Source data
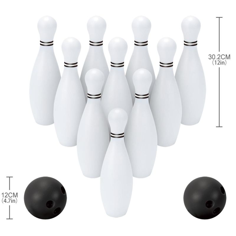 Komplet zawiera 10 kręgli + 2 kule i umożliwia grę w pojedynkę lub w parach. Kule są lekkie i mają gładką powierzchnię, a kręgle stabilnie stoją nawet na podłodze lub trawie..
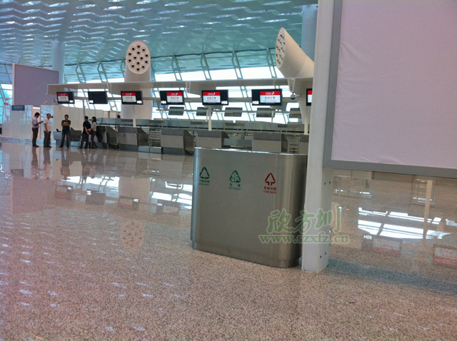 為了裝飾寶安國際機(jī)場T3航站樓和GTC大樓的環(huán)境衛(wèi)生,深圳市機(jī)場股份有限公司于2013年4月在我公司訂購了2733個(gè)垃圾桶,包括有大型不銹鋼垃圾桶、自棄桶、阻燃桶和接水桶等多種材質(zhì)的垃圾桶。
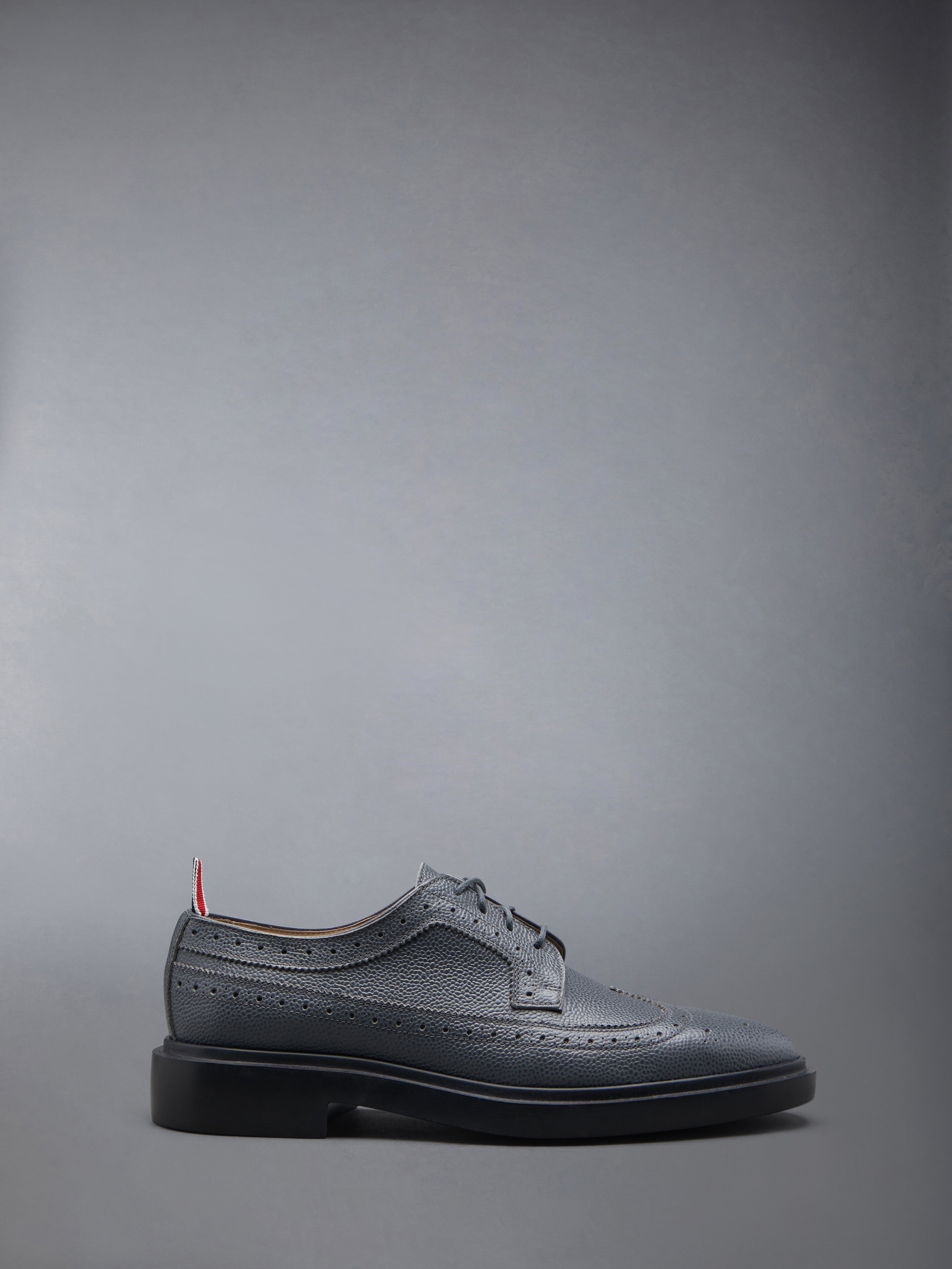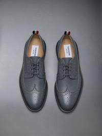 Classic longwing brogue shoe in grey pebble grain leather with lightweight black rubber sole. Tonal lace up closure, broguing perforation throughout. Signature striped grosgrain loop tabs at heels. Upper: 100% Calf Full Grain Leather Sole: 100% Rubber Lining: 100% Calf Leather Made in Italy FFO002G-00198-025
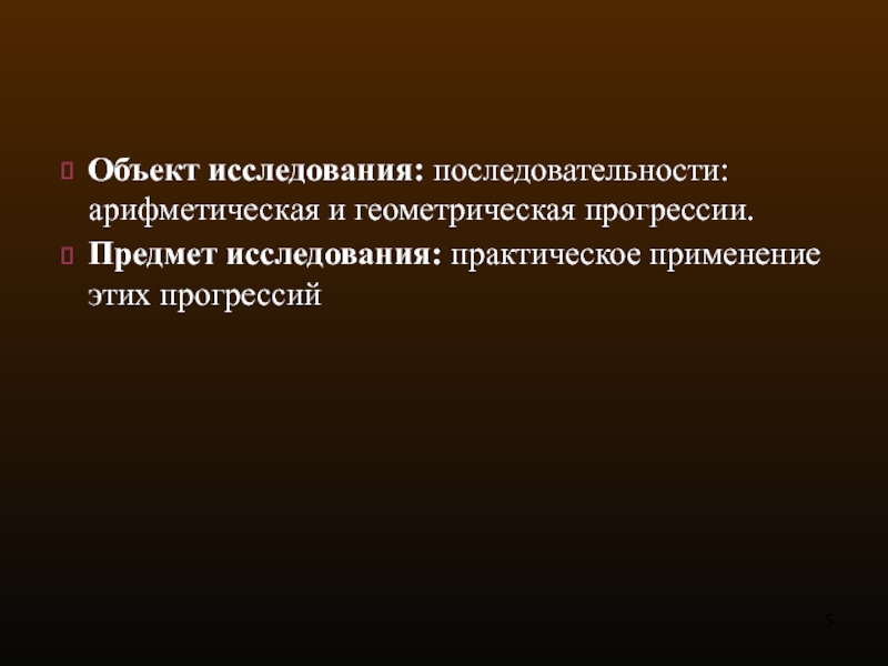 Слайд 5Объект исследования: последовательности: арифметическая и геометрическая прогрессии.
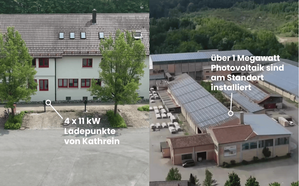 Frisch eingebaut sind seit Juni bei uns vier Kathrein-Ladepunkte mit jeweils 11 kW Leistung. Ergänzt wird das E-Ladeangebot durch die Photovoltaikanlage auf den Dächern der Ziegelwerkhallen mit über 1 MW installierter Leistung.
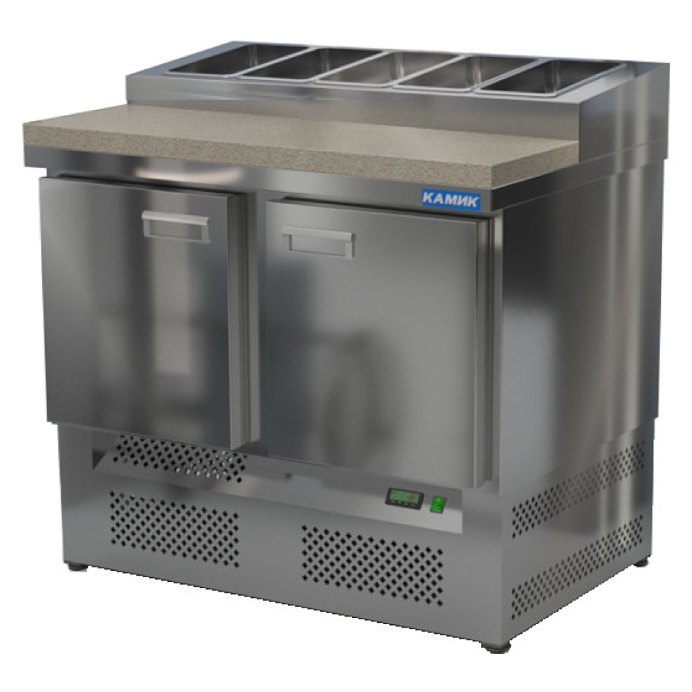 Холодильный стол КАМИК СОПН-К-201076 используется на предприятиях общественного питания и торговли для охлаждения и хранения продуктов, напитков и готовых блюд, а также для раскатки теста и обработки ингредиентов для приготовления пиццы. Конструкция разделена на секции, каждая секция с дверью оборудована сетчатой полкой и парой направляющих. Корпус выполнен из нержавеющей стали AISI 430 толщиной 1 мм, столешница - из камня.
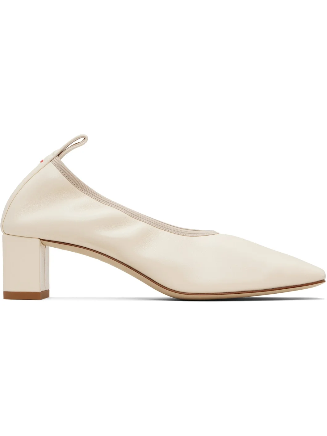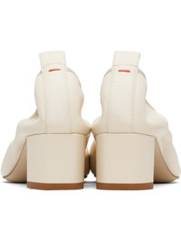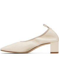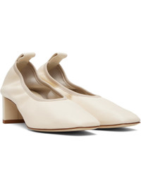 Buffed nappa leather heels. · Square toe · Elasticized collar · Pull-loop and red stitch at heel tab · Covered block heel with rubber injections · Nubuck sole · Heel: H2" Supplier color: Creamy nappa Upper: leather. Sole: leather, rubber. Made in Italy 252454F122004
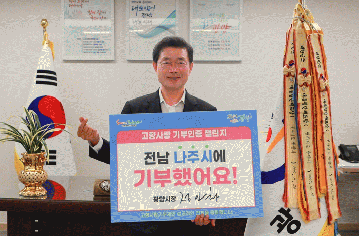 ¶ÇÇÑ Á¤ ½ÃÀåÀº Çõ½Åµµ½ÃÀÎ Àü³² ³ªÁÖ½ÃÀÇ °íÇâ»ç¶û±âºÎÁ¦ Ȱ¼ºÈ¸¦ ÀÀ¿øÇÏ¸ç ±âºÎ±ÝÀ» ±âŹÇÑ ÈÄ À±º´Å ³ªÁÖ½ÃÀåÀ» ´ÙÀ½ 縰Áö ÁÖÀÚ·Î Áö¸íÇß´Ù.
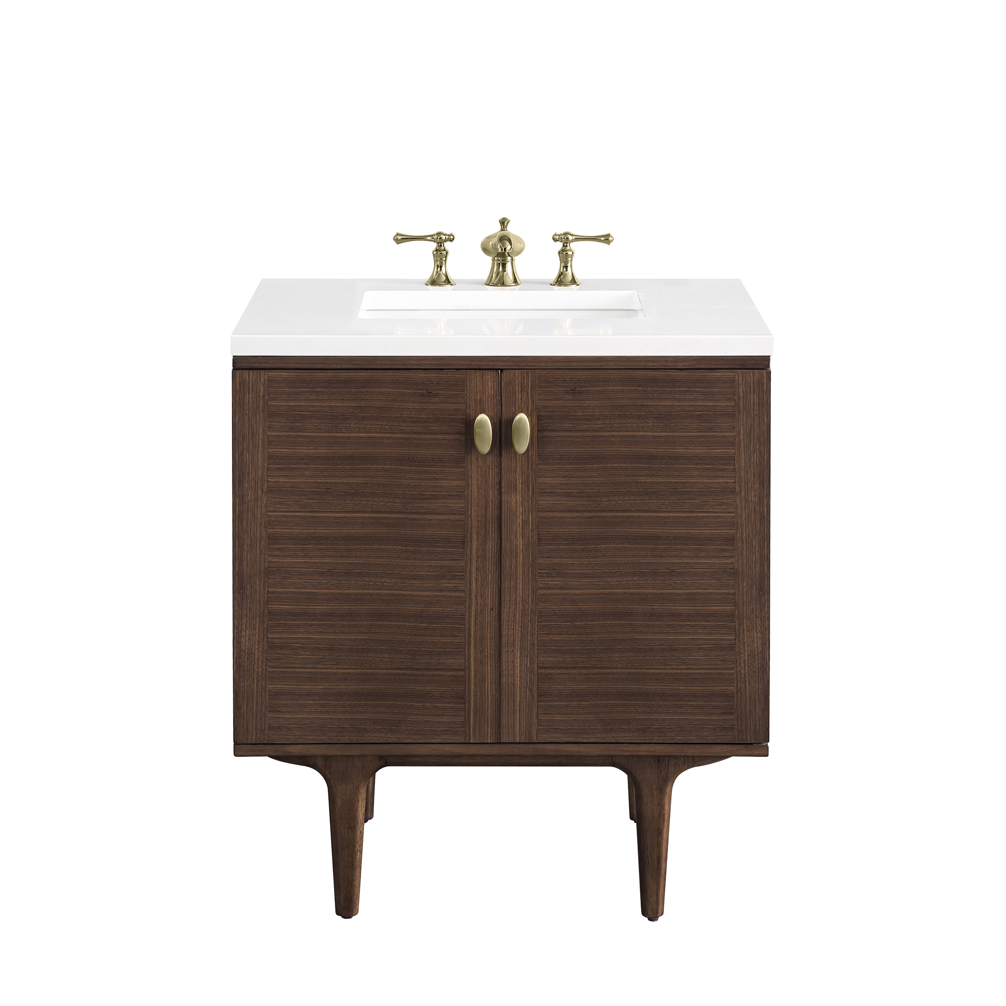 The 30″ Amberly Single Vanity celebrates Mid-Century simplistic forms and finish details combined with practical function. The beauty of the natural grains in the walnut veneer steals the show, while the decorative, oval knobs in Champagne Brass provide the perfect accent. This two-door cabinet opens to a spacious interior with a single shelf and a convenient USB/Electric power outlet. The elegant wood base elevates the Vanity Cabinet in a true console style, though you may choose the more modern, space-saving wall-mount option. The 3 cm, eased-edge White Zeus Silestone top completes the look.
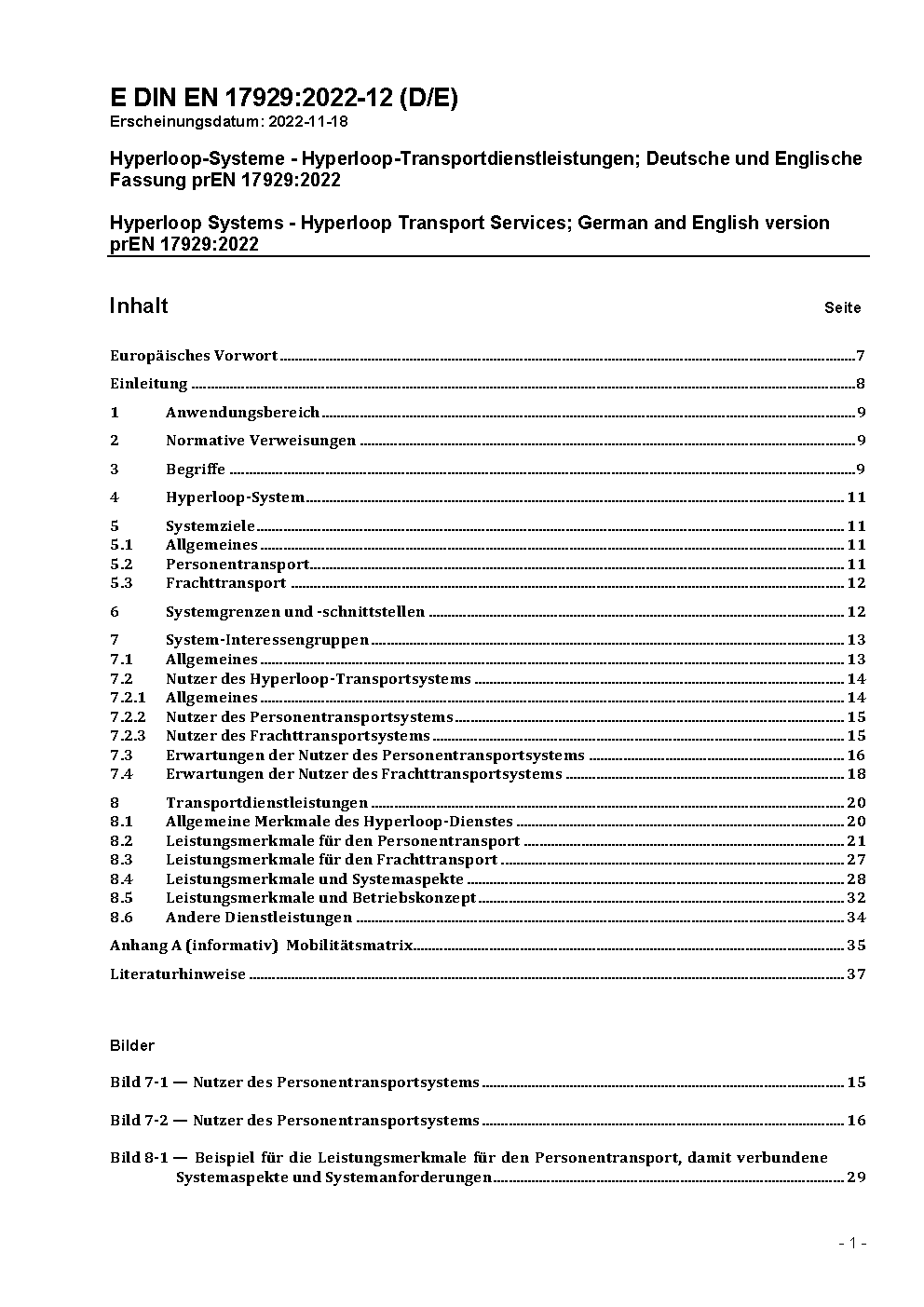 Hyperloop-Transportdienstleistungen; Deutsche Fassung EN 17929:2024

Task description
The answer should consist only of the lines above from the one with "為了裝飾寶安國際機(jī)場" through the one with "Frisch eingebaut sind", repeated exactly, with no pictures among them.

Result for this exercise
 為了裝飾寶安國際機(jī)場T3航站樓和GTC大樓的環(huán)境衛(wèi)生,深圳市機(jī)場股份有限公司于2013年4月在我公司訂購了2733個(gè)垃圾桶,包括有大型不銹鋼垃圾桶、自棄桶、阻燃桶和接水桶等多種材質(zhì)的垃圾桶。
 Classic longwing brogue shoe in grey pebble grain leather with lightweight black rubber sole. Tonal lace up closure, broguing perforation throughout. Signature striped grosgrain loop tabs at heels. Upper: 100% Calf Full Grain Leather Sole: 100% Rubber Lining: 100% Calf Leather Made in Italy FFO002G-00198-025
 Слайд 5Объект исследования: последовательности: арифметическая и геометрическая прогрессии.
 Frisch eingebaut sind seit Juni bei uns vier Kathrein-Ladepunkte mit jeweils 11 kW Leistung. Ergänzt wird das E-Ladeangebot durch die Photovoltaikanlage auf den Dächern der Ziegelwerkhallen mit über 1 MW installierter Leistung.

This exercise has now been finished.